Which brings us to the question of what exactly unnecessary polarization means. My sense is that avoiding unnecessary polarization would, in practice, mean that policy researchers write and speak extremely defensively to avoid making any unnecessary enemies. This would entail falsifying not just their own personal beliefs about optimal policy, but also, crucially, falsifying their prediction about what optimal policy is from the set of preferences that the public already holds. It would lead to writing positive proposals shot through with diligent and pervasive reputation management, leading to a lot of unnecessary and confusing hedges and disjunctive asides. I think pieces like that can be good, but it would be very bad if every piece was like that.

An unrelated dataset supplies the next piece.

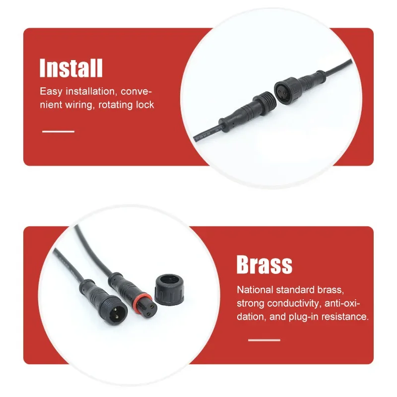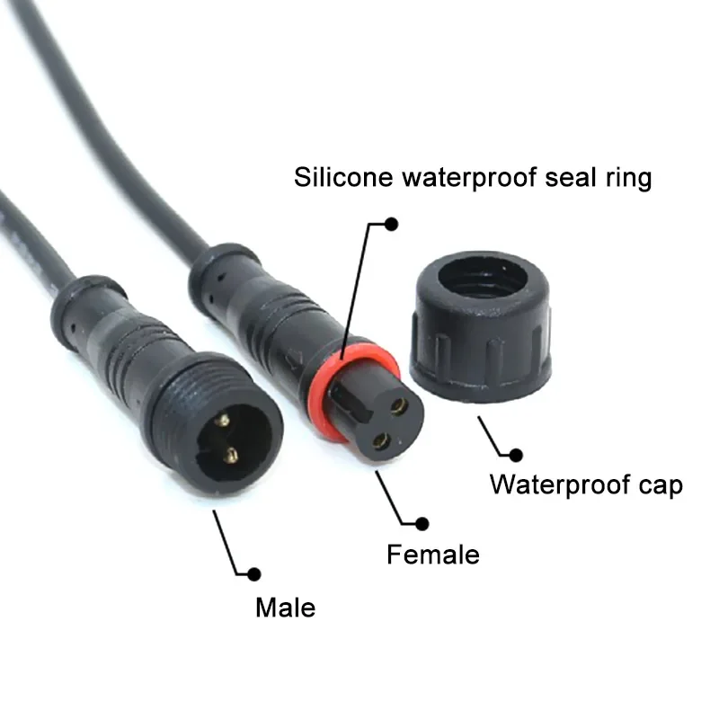 Experience reliable outdoor electrical connections with this this waterproof docking connector, designed for durability and ease of use. Crafted with a sleek cylindrical shape and matte black finish, it features textured locking rings for a secure grip. The front features small, circular metal pins arranged precisely in configurations of 2, 3, or 4 pins, ensuring versatile compatibility. The transparent or translucent tips reveal the red and black conductors inside, illustrating craftsmanship and technical precision. Made with thickened brass cores housed in tough PA66 material, it is rated IP67 for full waterproof protection. With a line length of 20cm, this connector is perfect for solar lights, automotive wiring, and outdoor electrical projects. Its minimalistic design ensures it blends seamlessly into any setup while providing maximum functionality.

Instead, I think it is reasonable and preferable for discourse to unfold like this: Policy researchers write politely about the things that they think are true, explain their reasoning, acknowledge limitations and uncertainties, and invite further discussion. People like Jeremy then enter the conversation, bringing a useful different perspective, which is exactly what happened here. And then we can update policy proposals over time, to give more or less weight to different considerations in light of new arguments, political evidence (what do people think is riskier: too much centralization or too much decentralization?) and technical evidence. And then maybe eventually there is enough consensus to overcome the vetocratic inertia of our political system and make new policy. Or maybe a consensus is reached that this is not necessary. Or maybe no consensus is ever reached, in which case the default is nothing happens.

Contrast this with what I think the “reduce unnecessary polarization” approach would tend to recommend, which is something closer to starting the conversation with an attempt at a compromise position. It is sometimes useful to do this. But I think that, in terms of actual truth discovery, laying out the full case for one’s own perspective is productive and necessary. Without full-throated policy proposals, policy will tend too much either towards an unprincipled centrism (wherein all perspectives are seen as equally valid and therefore worthy of compromise) or towards the perspectives of those who defect from the “start at compromise” policy. When the stakes are really high, this seems bad.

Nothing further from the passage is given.